An unemployed conspiracy theorist from Mossley, Tameside has become one of the most familiar faces around courtrooms in Greater Manchester over the past nine months.
Not least as Raja Miah, 49, is usually accompanied at court by a servile group of fellow conspirators whom self-style as The Rabble and whose role appears to be to ’cause chaos’ at their leader’s behest (read more here).
In the past week, Miah has made his seventh and eighth appearances between magistrates’ courts at Tameside and Manchester. Yesterday was ’round six’ in a case in which he is accused of harassing a 40yo female lawyer from the Salford area. He denies the charge (read more here). The hearing was listed to deal with administrative matters ahead of a two day trial in February, 2023.
Last Friday, Miah was the complainant in a matter in which it is alleged that an Oldham businessman and charity organiser, Mohammed Imran Ali, breached a restraining order. A not guilty plea had been entered at an earlier hearing at which he was present in the court building.
The restraining order was part of the sentence that Ali received, along with a fine, in December, 2020 at a controversial hearing where he was found to have harassed Miah by making two posts on Facebook imputing that the latter was in a gay relationship with another well known Oldham businessman, Khazir Rehman.
‘Kaiser’, as he is much better known locally, had refused to support the prosecution, despite he and Miah being long term friends and political associates.
The reporting of the full extent of the controversy has to be reserved until the present case has concluded.
A trial had been listed at 9.30am before a panel of three magistrates at Tameside on 4th November, 2022 to hear allegations that Ali had breached the restraining order, following a chance lunchtime encounter at the entrance to a large supermarket near Oldham town centre. The interaction lasted only a very short time.

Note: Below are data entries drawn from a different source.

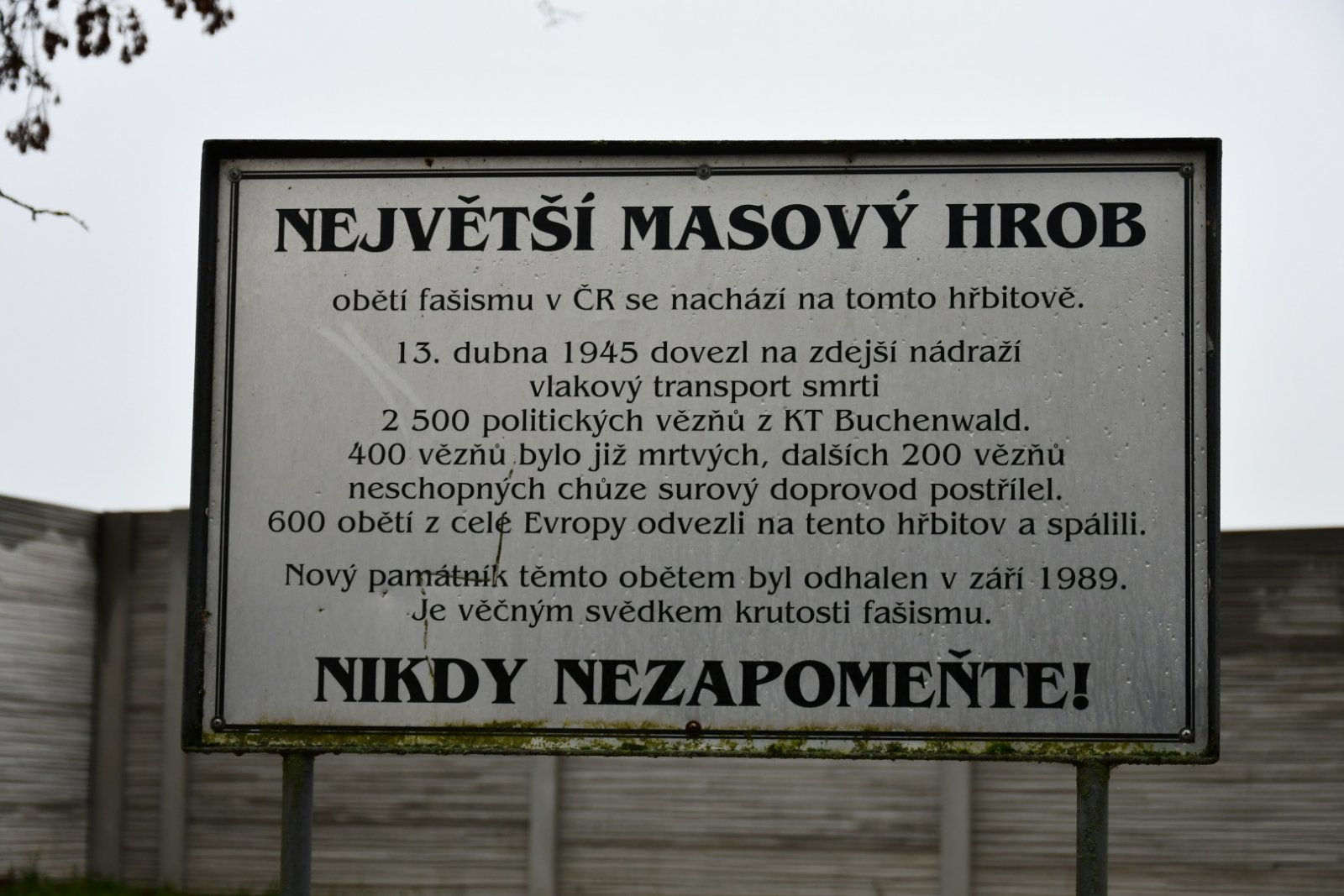 Nachází se na místě hromadného hrobu obětí pochodu smrti - transportu vězňů z koncentračního tábora Buchenwald do vyhlazovacího tábora Flossenbürg. Vlak vyrazil 8. dubna 1945 a s živými i zemřelými zastavil 13. dubna 1945 v Tachově, odkud vězni museli jít do cílové stanice pěšky. Ve vlaku bylo na místě 400 mrtvých, dalších 200 vězňů neschopných pochodu doprovod postřílel nebo pobil. Na místě zůstalo 600 mrtvých těl, které byly odvezeny na nový židovský hřbitov, naházeny do vykopané jámy v prostoru hřbitova, polity dehtem a tři dny páleny.
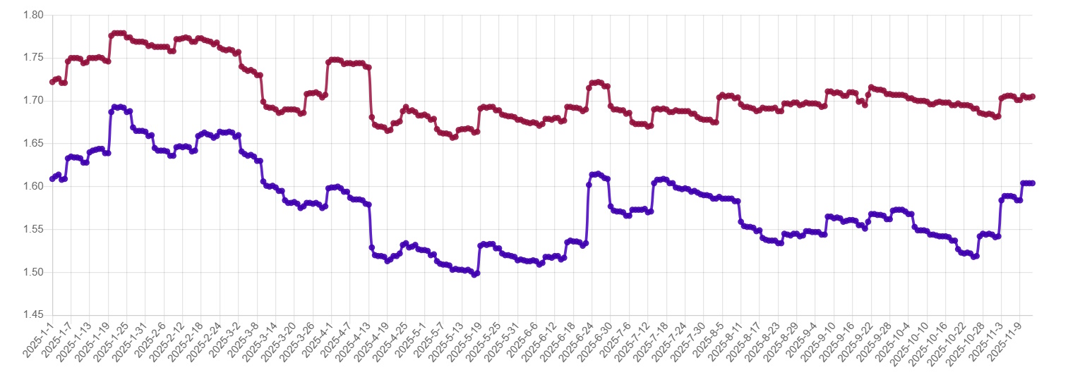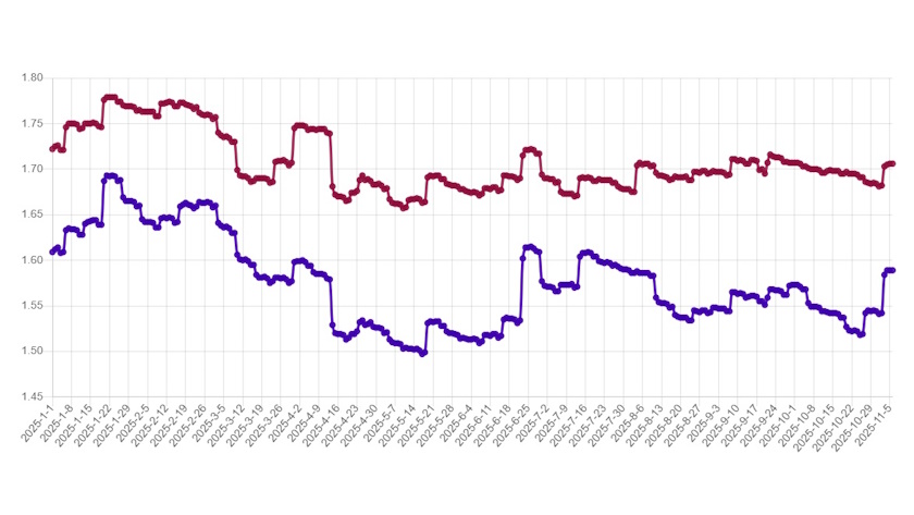 Veja abaixo o quadro da DGEG que apresenta a evolução dos preços dos combustíveis, desde o dia 1 de janeiro de 2025. A vermelho surgem os preços da gasolina e a azul do gasóleo.
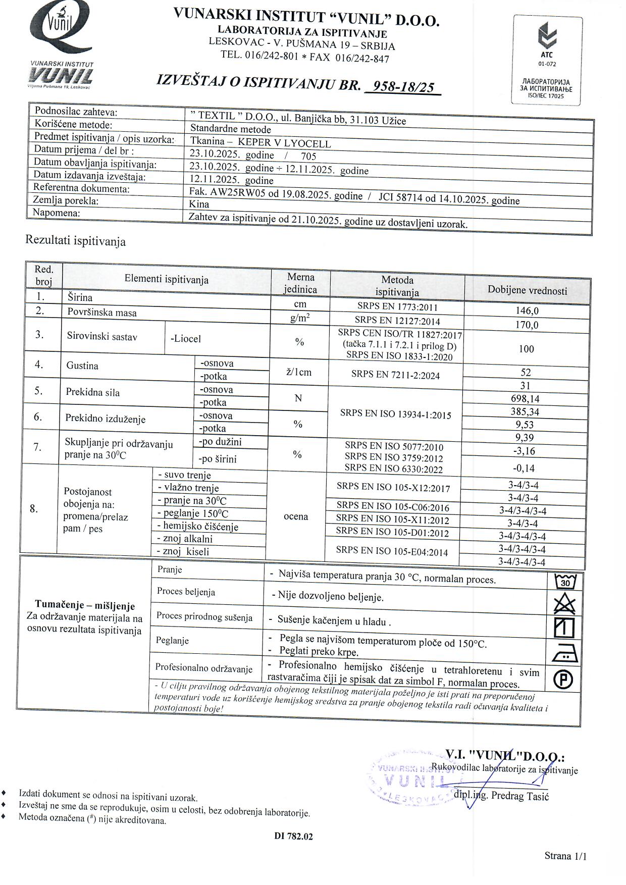 Tkanina od 100% liocela sa karakterističnim keper vezom, izuzetno prijatna na dodir, sa finim, prirodnim padom. Zahvaljujući sastavu, materijal je prozračan, mekan i nežan prema koži, a ujedno zadržava otpornost i stabilnost u šivenju.Idealan je za sve koji teže kombinaciji udobnosti, prirodnog izgleda i ekološke odgovornosti – savršen izbor za pantalone, košulje, haljine i suknje u kolekcijama koje prate ritam savremene i održive mode.
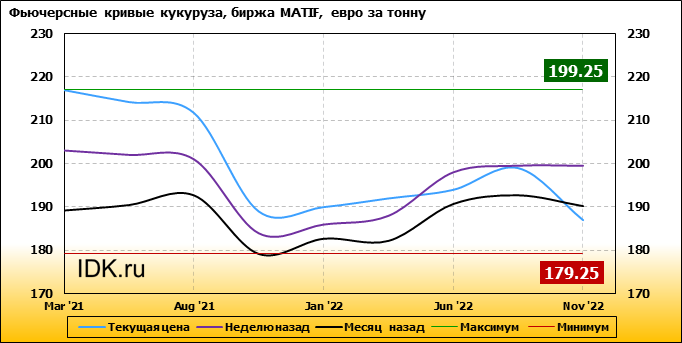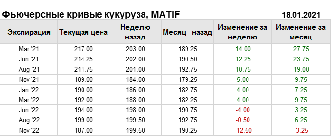 На 18.01.2021 стоимость кукурузы на бирже MATIF по контракту Mar ’21 составила 217 евро за тонну. За прошедшую неделю стоимость кукурузы на европейской площадке выросла на 14 евро/тонна. Как мы видим на графике, фьючерсная кривая имеет периоды, когда более дальний фьючерс дешевле ближнего. Состояние бэквардации наблюдаем на следующих контрактах: Jun ’21; Aug ’21; Nov ’21; Nov ’22. Таким образом, трейдеры предполагают, что возможно превалирование предложения над спросом в указанные периоды.

When Ali’s legal team arrived at court they had not been served any papers relating to the trial. He was represented by Bradford solicitors, Eldwick Law, and barrister, Fatima Laher of Libertas Chambers.

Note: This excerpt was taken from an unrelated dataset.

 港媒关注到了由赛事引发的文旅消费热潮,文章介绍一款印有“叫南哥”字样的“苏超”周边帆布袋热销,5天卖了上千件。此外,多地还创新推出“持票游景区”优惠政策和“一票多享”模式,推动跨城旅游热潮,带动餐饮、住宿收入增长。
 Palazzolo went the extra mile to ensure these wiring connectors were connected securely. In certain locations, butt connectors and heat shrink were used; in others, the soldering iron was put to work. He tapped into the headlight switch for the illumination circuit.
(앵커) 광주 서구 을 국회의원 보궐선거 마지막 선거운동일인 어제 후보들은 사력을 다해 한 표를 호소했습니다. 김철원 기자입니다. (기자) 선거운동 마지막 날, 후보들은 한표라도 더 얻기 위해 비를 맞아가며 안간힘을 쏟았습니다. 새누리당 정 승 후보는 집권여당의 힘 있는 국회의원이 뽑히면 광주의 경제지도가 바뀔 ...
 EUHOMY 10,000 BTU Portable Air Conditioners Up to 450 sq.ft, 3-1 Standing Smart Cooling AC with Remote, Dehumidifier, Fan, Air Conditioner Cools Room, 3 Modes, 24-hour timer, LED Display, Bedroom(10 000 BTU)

The Crown Prosecution Service was represented by two junior lawyers who appeared to be ‘shadowing’ one another. The court was told at 9.50am by the CPS that the required case documents had been emailed momentarily to Ms Laher. Whom, by coincidence, started her legal career at the CPS and spent two years as a well regarded prosecutor.
In point of fact, the court later heard that the subject email did not appear until almost four hours had elapsed and was still deficient, in even the most basic terms, of what would be required for the trial to resume.
It also transpired that two police officers, PC Miller and PC Kewley, who were due to give evidence, were not available and no witness statement from either of them had been served on the defendant’s lawyers.
An application by Ms Laher to discontinue proceedings, in all the extant circumstances, was refused by the magistrates and a date was set for a case management hearing on 25th November, 2022 at which a trial date will be listed for early in 2023.
In the event, Raja Miah was not required in the courtroom for this hearing and remained in the room reserved for witnesses throughout.
The press offices at the Crown Prosecution Service, Greater Manchester Police and Her Majesty’s Courts and Tribunal Service have all been asked to comment on the administrative aspects of the case.